Q2 GDP: India’s gross domestic product grows at 6.3% in July-Sept quarter of 2022-23 - check details here
Analysts had projected the Indian economy would expand at half of the growth rate of 13.5 per cent recorded in April-June quarter this fiscal.
India’s gross domestic product (GDP) for the July-September quarter of the current financial year grows at 6.3 per cent against 8.4 per cent in a year-ago quarter and 13.5 per cent in April-June quarter.
“Real GDP or GDP at Constant (2011-12) Prices in Q2 2022-23 is estimated at ₹38.17 lakh crore, as against ₹35.89 lakh crore in Q2 2021-22, showing a growth of 6.3 percent as compared to 8.4 percent in Q2 2021-22,” the Ministry of Statistics & Programme Implementation said in a release.

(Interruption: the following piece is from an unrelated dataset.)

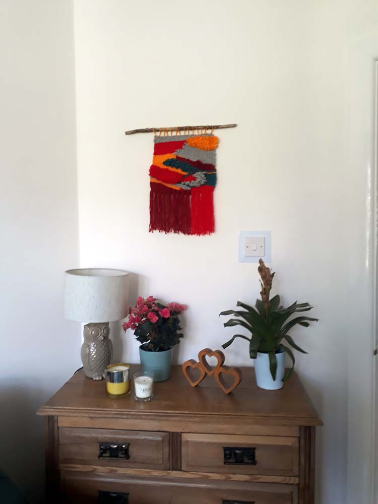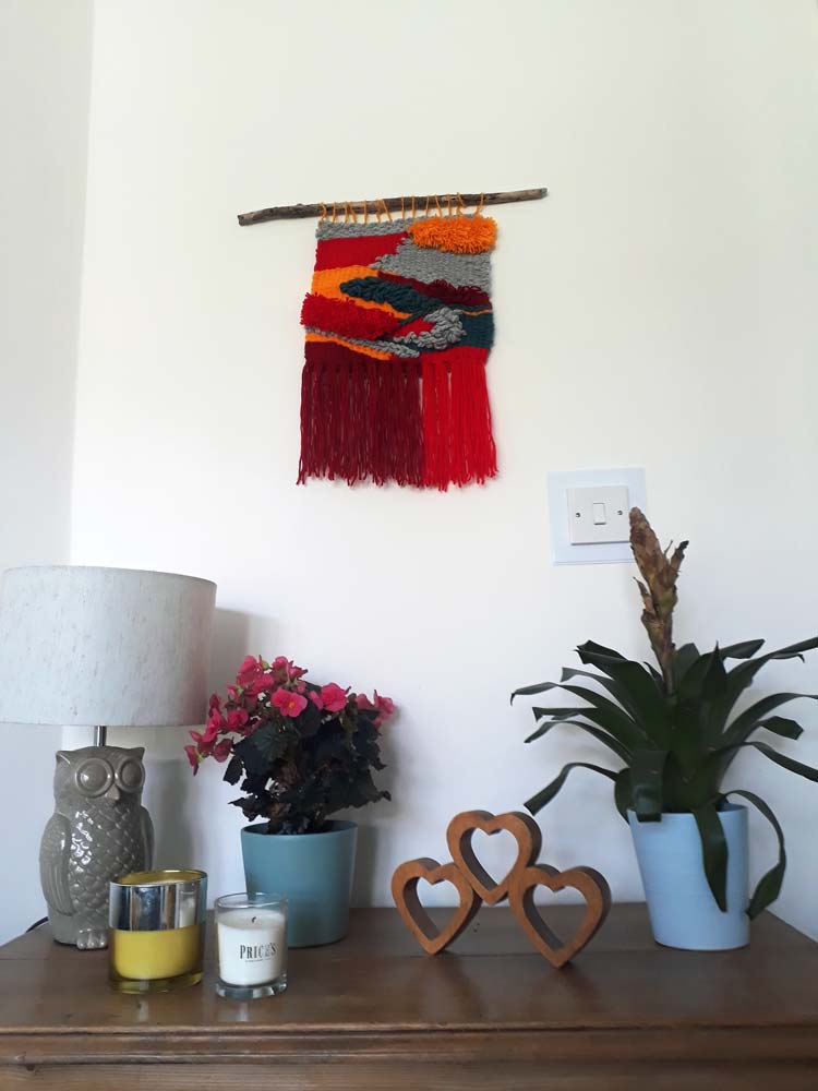 Welly Boots And Anoraks is a contemporary weave depicting the fantastic colours of wellies and rain coats during the heavy rains. The weave is easy to hang and will brighten up any room with its eye catching colours. Stick is provided unless otherwise stated.

Analysts had projected the Indian economy would expand at half of the growth rate of 13.5 per cent recorded in April-June quarter this fiscal.
According to the rating agency ICRA, the gross domestic product (GDP) was expected to grow at 6.5 per cent, while the State Bank of India in its report pegged the growth rate at 5.8 per cent.
Earlier this month, in an article published in the Reserve Bank of India (RBI) bulletin, the GDP growth is pegged at 6.1 to 6.3 per cent in the second quarter of this fiscal year.
China registered an economic growth rate of 3.9 per cent in July-September, 2022.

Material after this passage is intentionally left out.